Anyway, since it was 1:30 and I had promised myself I was not going to fight or argue that day, I was able to just go to bed (or should I say go to my room).
Yesterday was my 2nd day home and after Thursday night, I decided I was really going to commit to the 180. So yesterday, being my 1st day of 180 was really pretty easy, because I was angry first thing in the morning (before I truly committed) and he decided to take a clonapin and go to sleep. So it wasn't hard practicing the plan while he slept. He woke up for a few hours and then went back to sleep. Today, my oldest 25 yr old stepson has been here all day and then his friend also came over. I have waited all day to take a shower, but the kid is still here, so I guess, I'll just take all my stuff and get it done.
Anyway, while he was mowing, I checked his call log and texts that only went back until the 9th, since he deleted all before that. When I saw all the calls to his daughter for extended lengths of time and another one to my friend for 20 minutes (this was at least the 3rd call between them while I was gone - I didn't see the others because they were before the 9th) He told me they talked twice while I was gone. So not only was he discussing me & us with his daughter again, after I have asked him over & over not to discuss "us" with her while I"m not here (then called her today as soon as I left), he also lied AGAIN about how many times he spoke to my soon to be ex-best friend.
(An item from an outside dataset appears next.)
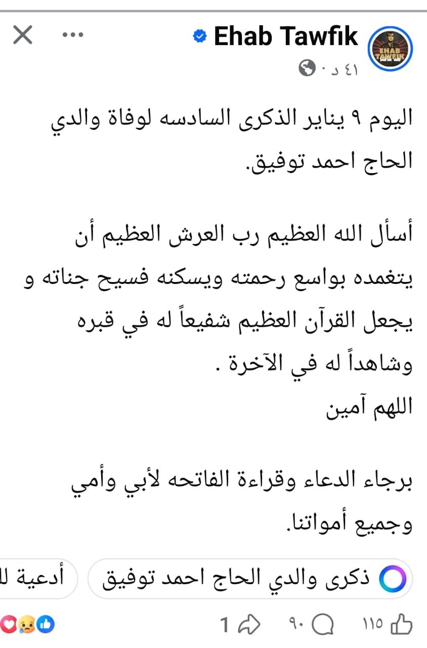كتب إيهاب توفيق: "اليوم 9 يناير الذكرى السادسة لوفاة والدي الحاج أحمد توفيق"، مردفاً بالدعاء: "أسأل الله العظيم رب العرش العظيم أن يتغمده بواسع رحمته ويسكنه فسيح جناته، ويجعل القرآن العظيم شفيعاً له في قبره وشاهداً له في الآخرة. اللهم آمين".

He cannot understand why I am still not over this after a year and "see's no forgiveness" in me. Well, I wonder why?!!!??? He still won't give me details and hasn't done anything we agreed on except not cheat and not see the OC, and he continues to lie to me, but claims he isn't.
So, anyway, after finding the stuff on his phone I was about to explode, so I left again. Wrote pages about it, breathed, calmed down & came back home.
Wish me luck and send prayers my way for tomorrow. This really seems to be the end of my marriage, but who knows, maybe God will work a miracle and my FWH will have a change of attitude & behavior. I am sick inside, but preparing myself in every way I know how, to face D if/when it happens.